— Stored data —
-- Opening Marker --

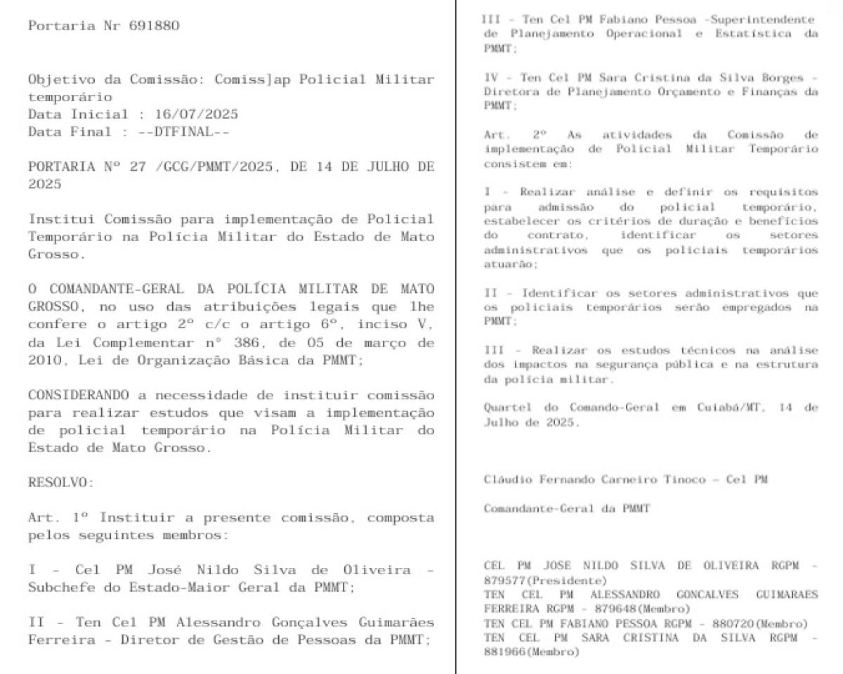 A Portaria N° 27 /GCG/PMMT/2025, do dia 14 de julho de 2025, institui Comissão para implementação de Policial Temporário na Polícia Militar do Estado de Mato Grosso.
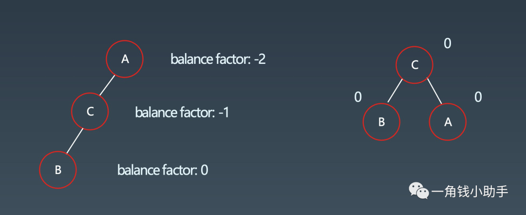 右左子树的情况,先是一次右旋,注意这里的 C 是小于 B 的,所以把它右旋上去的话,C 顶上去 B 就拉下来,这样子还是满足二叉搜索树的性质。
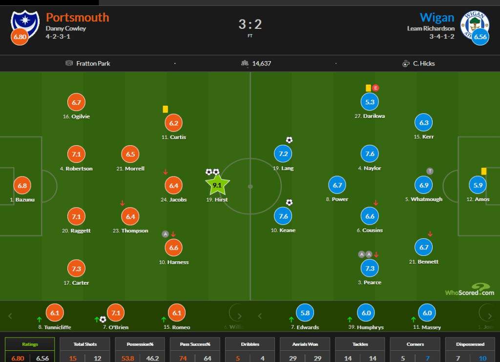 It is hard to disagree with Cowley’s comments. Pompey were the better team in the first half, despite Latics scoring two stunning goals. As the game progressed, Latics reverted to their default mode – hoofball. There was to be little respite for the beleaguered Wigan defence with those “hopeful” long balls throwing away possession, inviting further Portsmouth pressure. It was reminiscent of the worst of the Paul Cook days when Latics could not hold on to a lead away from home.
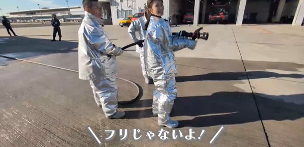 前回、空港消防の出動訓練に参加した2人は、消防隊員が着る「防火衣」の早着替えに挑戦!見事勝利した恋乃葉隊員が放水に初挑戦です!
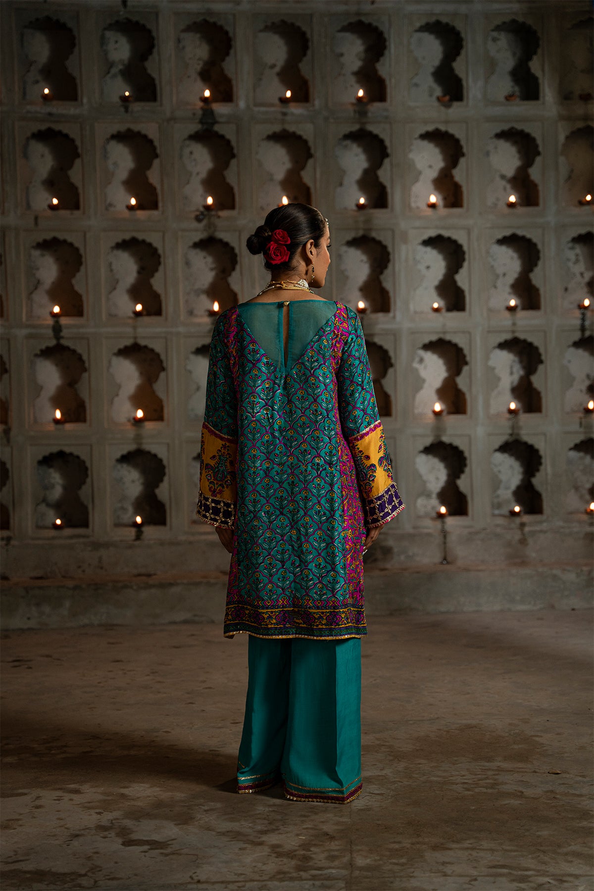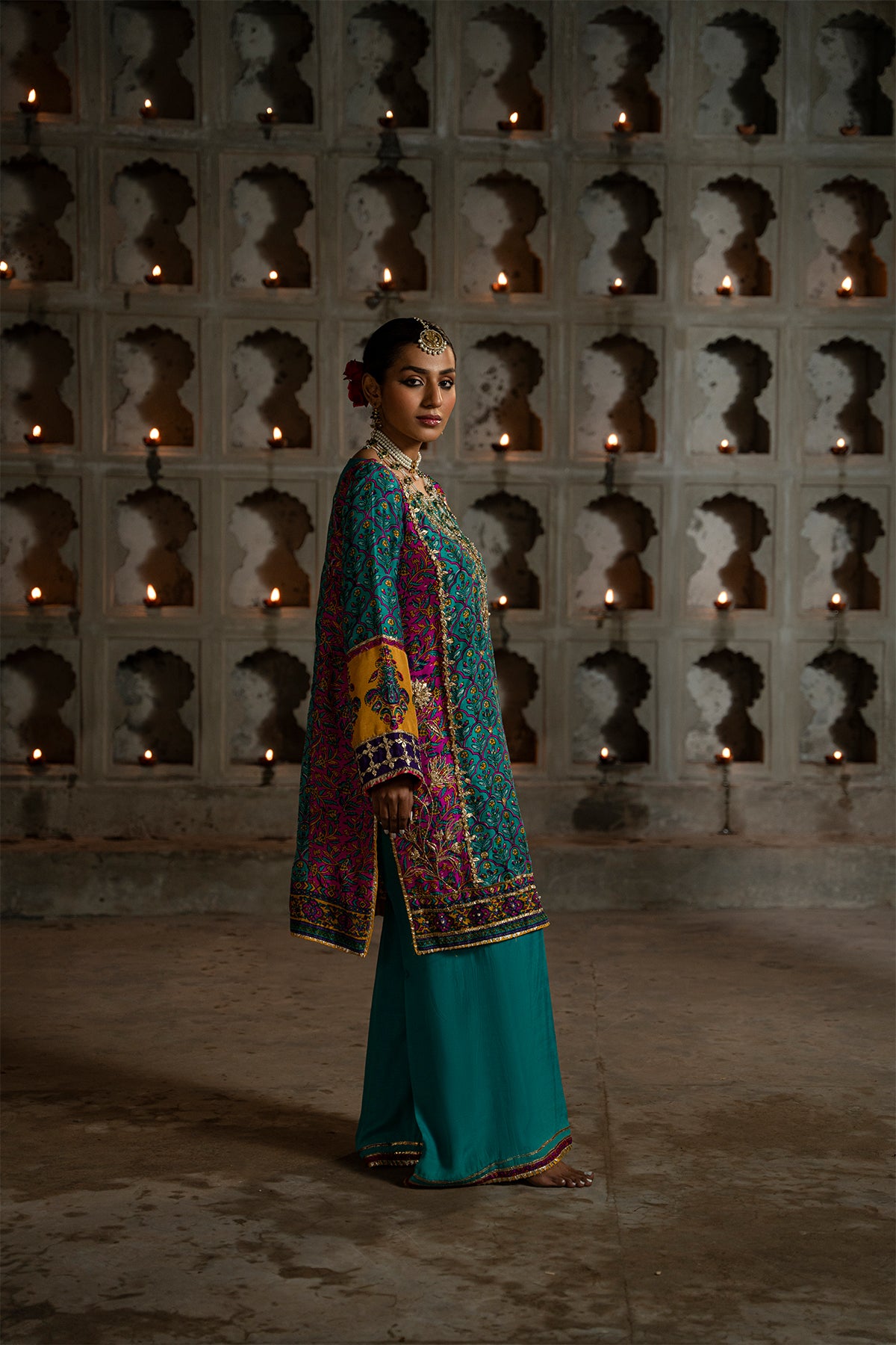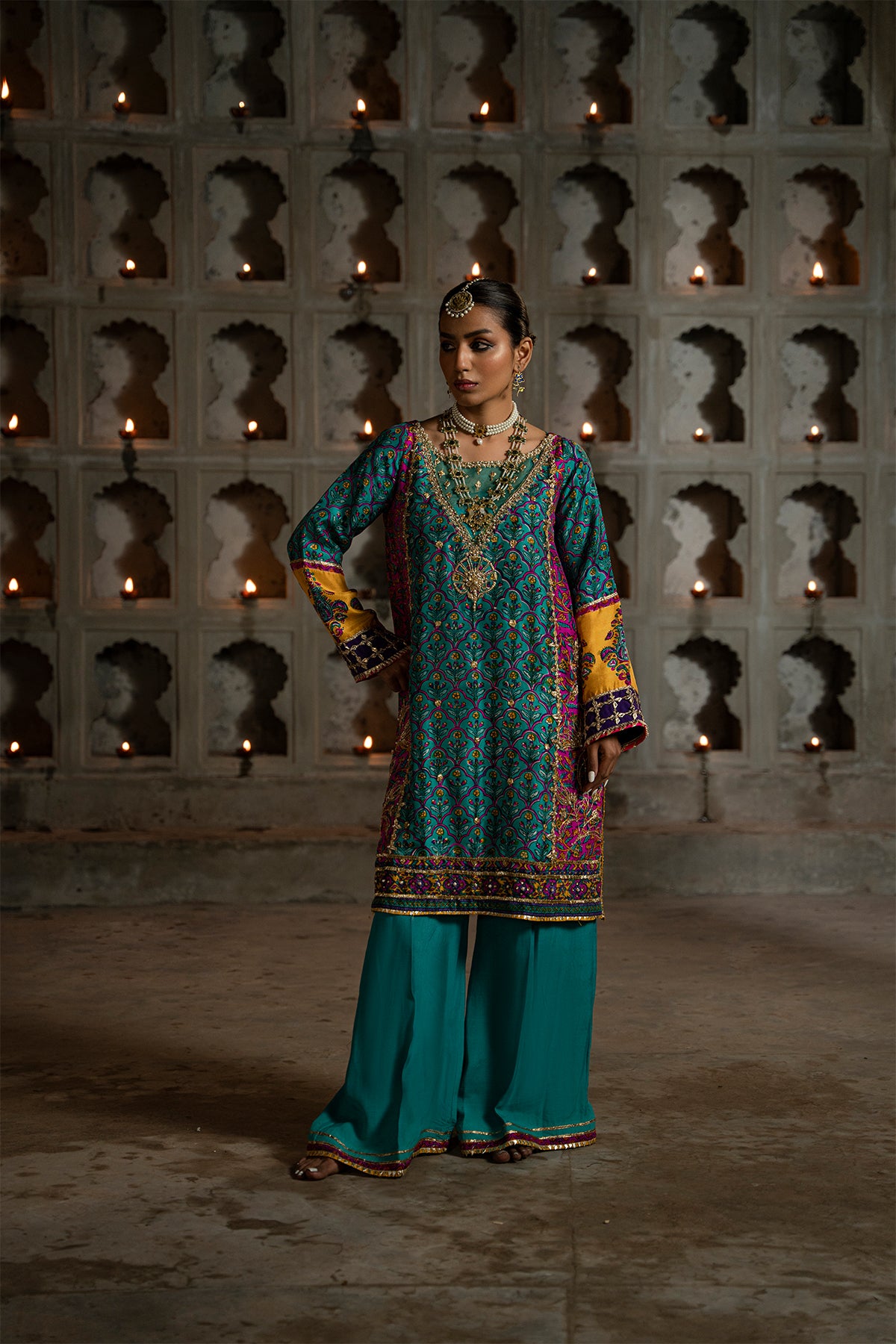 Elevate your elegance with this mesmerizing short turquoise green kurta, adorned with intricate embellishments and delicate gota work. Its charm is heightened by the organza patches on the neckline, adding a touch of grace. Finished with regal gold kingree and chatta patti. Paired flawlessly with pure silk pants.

-- Closing Marker --

— What is required —
Strip the images and reproduce the remaining records precisely.

— Exercise output —
 A Portaria N° 27 /GCG/PMMT/2025, do dia 14 de julho de 2025, institui Comissão para implementação de Policial Temporário na Polícia Militar do Estado de Mato Grosso.
 右左子树的情况,先是一次右旋,注意这里的 C 是小于 B 的,所以把它右旋上去的话,C 顶上去 B 就拉下来,这样子还是满足二叉搜索树的性质。
 It is hard to disagree with Cowley’s comments. Pompey were the better team in the first half, despite Latics scoring two stunning goals. As the game progressed, Latics reverted to their default mode – hoofball. There was to be little respite for the beleaguered Wigan defence with those “hopeful” long balls throwing away possession, inviting further Portsmouth pressure. It was reminiscent of the worst of the Paul Cook days when Latics could not hold on to a lead away from home.
 前回、空港消防の出動訓練に参加した2人は、消防隊員が着る「防火衣」の早着替えに挑戦!見事勝利した恋乃葉隊員が放水に初挑戦です!
 Elevate your elegance with this mesmerizing short turquoise green kurta, adorned with intricate embellishments and delicate gota work. Its charm is heightened by the organza patches on the neckline, adding a touch of grace. Finished with regal gold kingree and chatta patti. Paired flawlessly with pure silk pants.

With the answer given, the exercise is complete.